Sherwin Chen
by Sherwin Chen
2 min read

Categories

Designing lock-based concurrent data structures

The point is to break down the data structure into a more fine-grained one so that we can apply separate locks to different parts of the data structure. This can significantly increase the concurrency but meanwhile it typically requires more careful considerations on the design.

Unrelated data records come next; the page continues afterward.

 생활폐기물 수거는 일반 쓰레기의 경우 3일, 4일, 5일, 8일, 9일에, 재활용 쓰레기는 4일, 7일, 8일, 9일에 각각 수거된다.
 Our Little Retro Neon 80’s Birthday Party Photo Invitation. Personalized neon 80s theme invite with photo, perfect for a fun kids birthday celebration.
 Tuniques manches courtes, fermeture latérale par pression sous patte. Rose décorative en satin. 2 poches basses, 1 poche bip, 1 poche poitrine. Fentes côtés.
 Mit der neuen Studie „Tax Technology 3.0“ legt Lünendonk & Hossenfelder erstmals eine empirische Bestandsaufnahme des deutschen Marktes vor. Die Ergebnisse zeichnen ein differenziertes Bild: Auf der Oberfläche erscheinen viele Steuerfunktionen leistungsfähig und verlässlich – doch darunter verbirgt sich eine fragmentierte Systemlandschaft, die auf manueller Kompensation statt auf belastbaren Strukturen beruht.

Here’s a list of questions to help consider the data structure for concurrency

  • Can the scope of locks be restricted to allow some parts of an operation to be performed outside the lock?
  • Can different parts of the data structure be protected with different mutexes?
  • Do all operations require the same level of protection?
  • Can a simple change to the data structure improve the opportunities for concurrency without affecting the operational semantics

Here’s some guidelines for thread safe code.

  • Ensure that no thread can see a state where the invariants of the data structure have been broken by the actions of another thread.
  • Take care to avoid race conditions inherent in the interface to the data structure by providing functions for complete operations rather than for operation steps. (e.g. combining empty, top and pop in a single operation)
  • Pay attention to how the data structure behaves in the presence of exceptions to ensure that the invariants are not broken. More often than not, RAII helps
  • Minimize the opportunities for deadlock when using the data structure by restricting the scope of locks and avoiding nested locks where possible.

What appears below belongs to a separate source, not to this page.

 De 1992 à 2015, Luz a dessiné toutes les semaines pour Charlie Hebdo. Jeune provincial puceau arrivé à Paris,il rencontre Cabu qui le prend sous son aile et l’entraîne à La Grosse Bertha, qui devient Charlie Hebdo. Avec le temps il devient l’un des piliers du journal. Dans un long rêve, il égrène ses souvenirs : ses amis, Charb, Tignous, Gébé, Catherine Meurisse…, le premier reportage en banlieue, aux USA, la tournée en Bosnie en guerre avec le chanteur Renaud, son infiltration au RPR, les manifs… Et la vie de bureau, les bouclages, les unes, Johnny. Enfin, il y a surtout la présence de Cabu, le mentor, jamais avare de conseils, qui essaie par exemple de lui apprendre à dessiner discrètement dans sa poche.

Lock-based concurrent data structures

In this section, Anthony shows an example of thread-safe queue, starting from the primitive one that adds lock to the std::queue. Then he moves to one using list nodes which allows us to apply separate mutexes to the head and tail node pointers. Moreover, he argues the benefit of using a dummy head, which frees us from checking if the head is nullptr and thus avoids locking head_mutex in the push operation. An interesting practice in the final thread-safe queue is that it always stores data in the current tail and update the tail thereafter, see the code below

void push(T data) {
  {
    auto p = std::make_unique<Node>();
    std::lock_guard l(tail_mutex);
    tail->data = std::make_unique<T>(std::move(data));   // we add data to the current tail, this allows us to move head to the next when popping
    tail->next = std::move(p);
    tail = tail->next.get();
  }
  data_cond.notify_one();
}

This ensures that tail is always valid after a pop operation

template<typename T>
T ThreadSafeQueue<T, std::list<T>>::pop() {
  std::unique_lock l(head_mutex);
  data_cond.wait(l, [this] { return head.get() != get_tail(); });
  auto data = std::move(*head->data);
  head = std::move(head->next);		// we move head to the next so that the tail is always valid
  return data;
}

Designing more complex lock-based data structures

In this section, Anthony designs a thread-safe look-up table step by step. He first associates each bucket in the hash table with a mutex. Then he uses a custom list as the bucket type, which allows a per-node lock instead of a lock for the whole bucket.

References

Williams, Anthony. 2019. C++ Concurrency in Action, 2nd Edition.